Although the essay should be read in its entirety, the central point is worth underlining:
Men (and until recently they were all men) with whom I spoke before their surgery would tell me that their bodies and sexual identities were at variance. Those I met after surgery would tell me that the surgery and hormone treatments that had made them ‘women’ had also made them happy and contented. None of these encounters were persuasive, however. The post-surgical subjects struck me as caricatures of women. They wore high heels, copious makeup, and flamboyant clothing. … but their large hands, prominent Adam’s apples, and thick facial features were incongruous (and would become more so as they aged). … Female psychiatrists whom I sent to talk with them would intuitively see through the disguise and the exaggerated postures. ‘Gals know gals,’ one said to me, ‘and that’s a guy.’
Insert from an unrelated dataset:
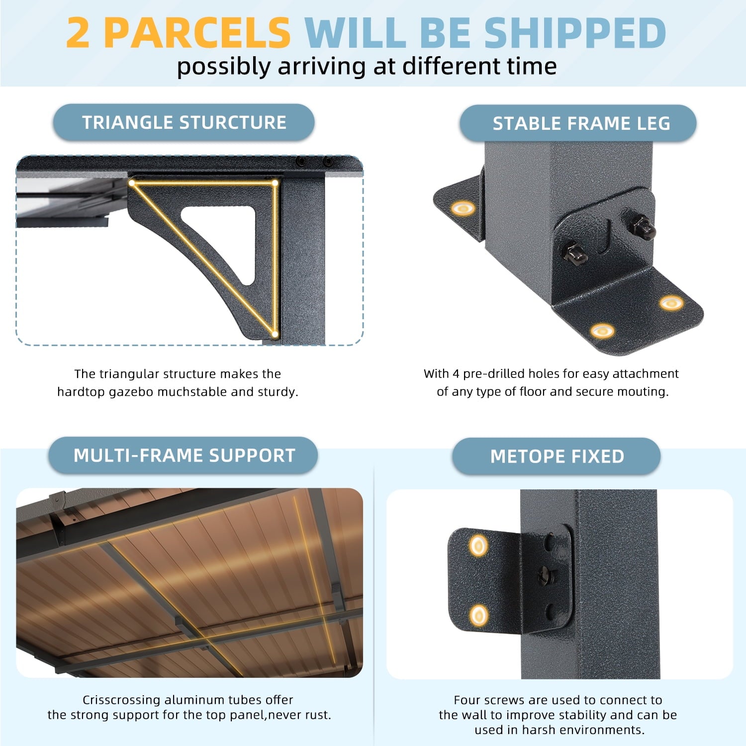 To make the great outdoors even greater, at AECOJOY, we can provide you with durable, stylish and comfy outdoor furniture that can stand the test of time. If you want to create a wonderful and comfortable outdoor recreation area, this outdoor hardtop pergola would be a great choice. You'll find it can elevates your exterior living space to the extraordinary. Sturdy outdoor hardtop gazebo built with triangular powder-coated aluminum frame, which is more stable and durable. AECOJOY makes your outdoor leisure time unforgettable. Please note: This is a wall-mounted lean to gazebo. It needs to be installed against a wall. For maximum stability, you can use the provided nails to secure the gazebo to the wall.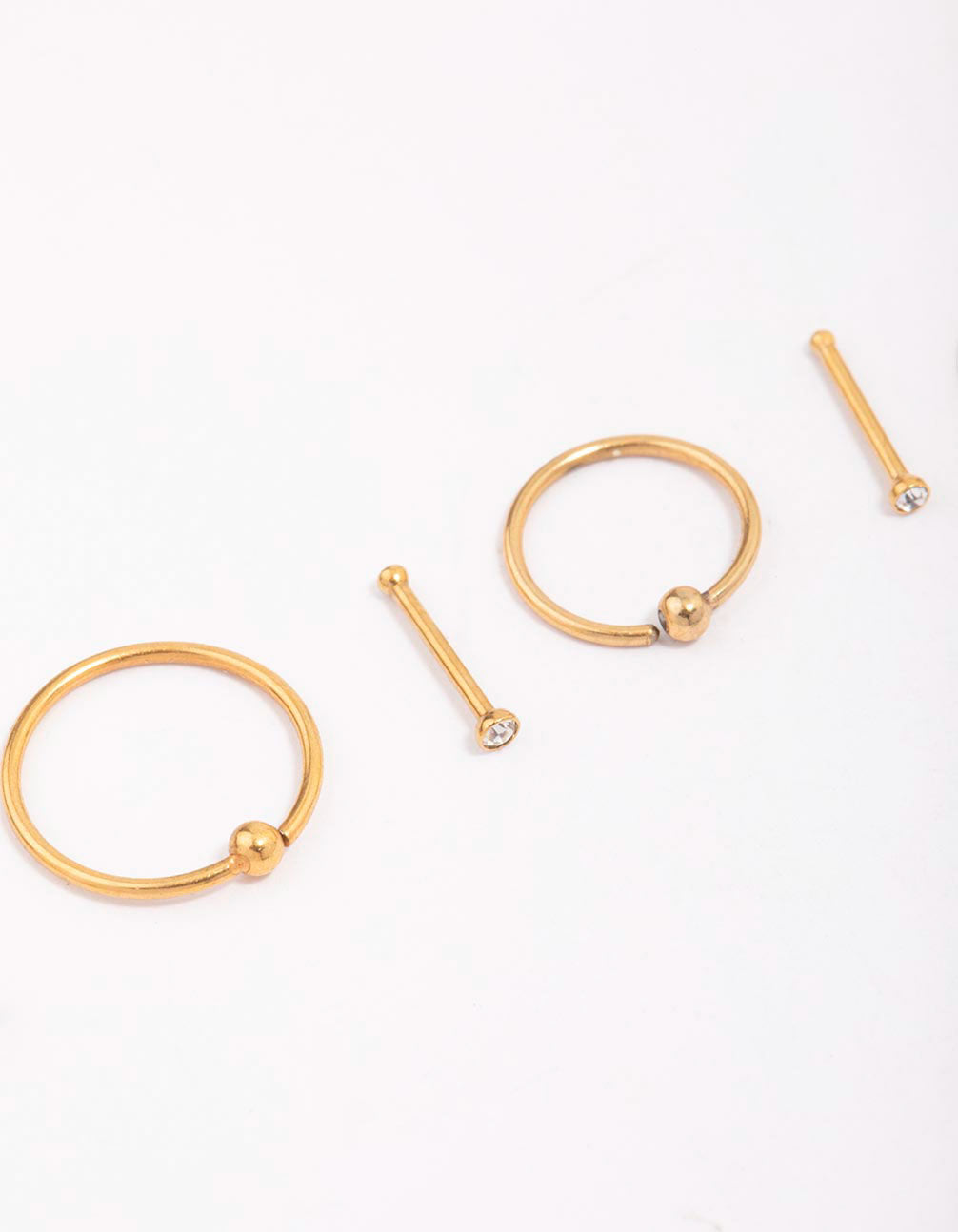 Customise your nose piercing with this pack of surgical steel body jewellery. This set of nose rings includes a mix of six different nose studs and rings, each plated with real gold for a premium finish.

Missing from most discussions of transgenderism is any reference to religious upbringing. How many trans people were raised hearing the luminous words of God to Isaiah: “Before I formed you in the womb, I knew you.” How many learned at the parental knee that they were made in the image and likeness of God? And so, despite its flaws and limitations, their bodies enjoy an immense dignity?
Instead, the imperial self is a dominant player in many decisions to “transition.” Nyla Rose, a transgender wrestler in the women’s division of All Elite Wrestling, explained his decision to transition. He was in his twenties: “I [had] to do this for me. … For my own health and well-being, I had to be myself.”
How modern, this quest to be oneself, often beginning with the precarious assumption that the discovered self will be an improvement on the existing one. It’s quite the expectation.
Yet the pieties of our secular moment, careless of moral reasoning, have no patience for anything even remotely approaching the poignant power of prayer required to face such challenges. Pharmacological or surgical intervention is a quicker fix for the sorrows of life.